The surviving clipping does not reveal whether the article was published by a Pärnu (Imants Uits' home near Mõisaküla was once part of Pärnu County) or Viljandi county local paper. It is also possible the article was published by a newspaper belonging to a society of the repressed several of which were active at the time. The clipping is missing the author and date, while it is probable the article was published in the summer of 1989.

History enthusiasts who contacted Postimees recall, from the days of the Baltic Way in 1989, as well as the Tori soldiers' convention that was canceled following pressure from the militia, that there was a former Waffen-SS infantry division soldier living near Mõisaküla who could bring together former brothers-in-arms from both Estonia and Latvia.

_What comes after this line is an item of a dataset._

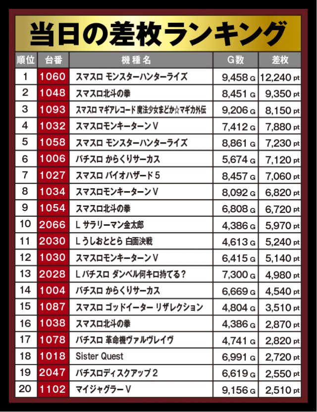 ※差枚順に掲載しています

That man was Uits, father of presidential candidate Marina Kaljurand. An educated and idealistic man in whose front yard all three Baltic flags were allegedly hoisted whenever there was a holiday. His Estonian was so good that people who did not know him would never have guessed he was Latvian. Uits earned the first commissioned officer rank (Untersturmführer – ed.) in the Waffen-SS and had numerous battle achievements to his name.

The locals remember him as a good person. Uits' home, gradually overrun by trees and bushes after his death in 1993, was always clean and his gate open. It is said he received various humanitarian aid from brothers-in-arms societies in Germany that Uits distributed to others. One example tells the story of a neighbor whom Uits allegedly gave a wheelchair – a thing hard to come by at the time.

Uits traveled to Germany to meet with former comrades at least once more after the August coup attempt in 1991. There he received the Iron Cross 1st Class Uits earned in World War II but no longer had.

The article at Postimees' disposal is missing several passages that would be of interest to historians, while it does provide a detailed overview of the man who was Marina Kaljurand's father.

A man who later in life helped build the top secret direct reduction plant in Sillamäe in the ranks of the Narva engineering battalion.

The fact that Kaljurand has until now told of his father as having served in the German air force's support staff cannot be held against the candidate, as it is probable she never knew of her father's SS background. It is possible Uits kept that information from the mother of his child, Soviet Estonian ministry official Vera Rajevskaja with whom he shared his life for ten years. That kind of secrecy was understandable in those troubled times.